The Kansas-Nebraska Act altered the political balance between free and slave states. In Abraham Lincoln, the 1860 Election, and the Future of American Slavery, students examine the alternatives available to politicians regarding the spread of slavery and the preservation of the American union in the decade leading up to the presidential election of 1860. (For a full online biography of Lincoln up through this period, consult Lincoln/Net, an NEH-funded project.)

The presidency

The decision-making process that precipitated the Civil War is a fascinating subject and the focus of Lincoln Goes to War. In this lesson, students examine the deliberations within the Lincoln administration that led to the defense of Fort Sumter from Confederate attack in April 1861.

While armies clashed on battlefields from Pennsylvania to Louisiana, partisan politics continued in Washington. Congress—as well as in the nation at large—hotly debated issues related to the president's handling of the war. Abraham Lincoln and Wartime Politics examines the controversies arising from Lincoln’s role as a wartime president.

The Union and freedom for all

As commander-in-chief, Lincoln rallied Northern armies to victory over the South. He rarely made public addresses as wartime leader, but when he did they were notable commentaries on the meaning of the war. In them he sought to transform the public perception of the Union from a mere structure of government to a consensus about the future of freedom in America—a future where slavery would eventually be eliminated and liberty protected as the birthright of every human being

The EDSITEment unit A Word Fitly Spoken: Abraham Lincoln on Union explores this rich vein of political reflections on the subject of American national union.

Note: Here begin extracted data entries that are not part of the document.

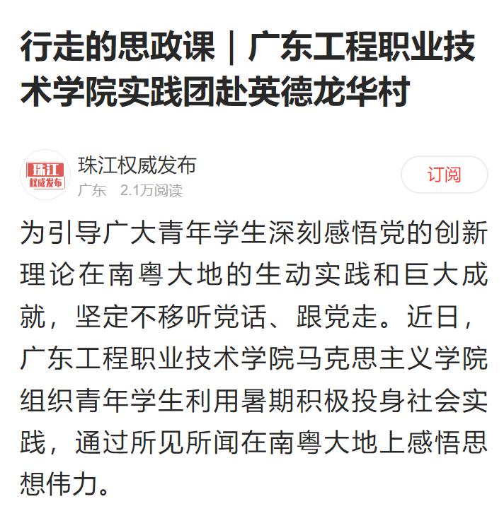 为引导广大青年学生深刻感悟党的创新理论在南粤大地的生动实践和巨大成就,坚定不移听党话、跟党走。近日,广东工程职业技术学院马克思主义学院组织青年学生利用暑期积极投身社会实践,通过所见所闻在南粤大地上感悟思想伟力。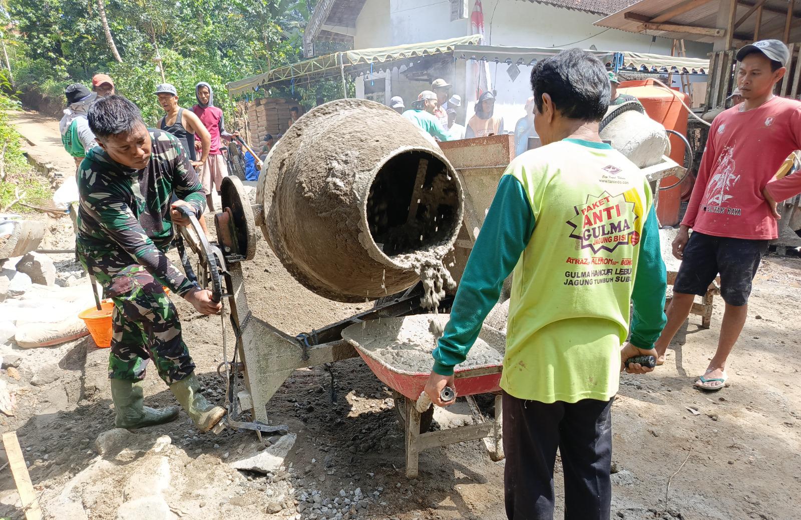 Proses pengecoran jalan jembatan dilakukan secara gotong royong antara anggota TNI dan warga setempat. Dengan semangat kebersamaan, seluruh pihak bahu-membahu menyelesaikan pekerjaan agar dapat selesai tepat waktu sesuai dengan target yang telah ditentukan.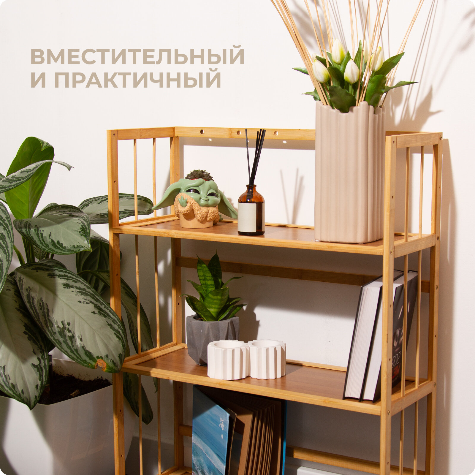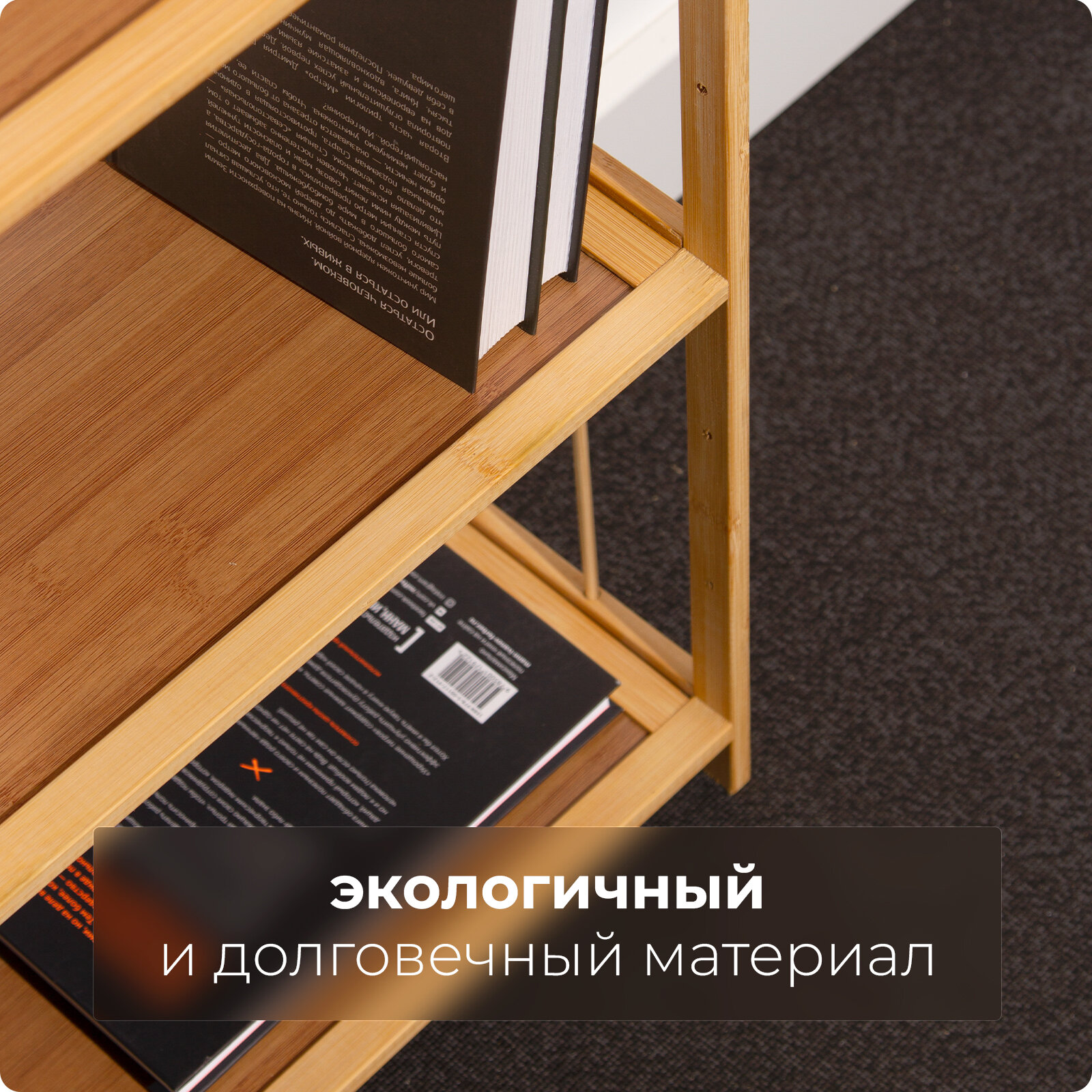 Стеллаж деревянный 3 полки, 82х60х25 см Hans&Helma из бамбука универсальная этажерка для игрушек, книг, дача интересное:

By examining Lincoln's three most famous speeches—the Gettysburg Addressthe First and Second Inaugural Addresses, as well as a little-known fragment on the Constitution, union, and liberty—students trace what these documents say regarding the importance of the Union for the future of republican government.

Finally, students can see how the stresses and strains of the leadership of the Union in the Civil War transformed Lincoln by examining Alexander Gardner’s photograph of the president taken a few months before his assassination. Gardner’s famous photograph is part of Picture Lincoln, which is built around the rich significance of this image.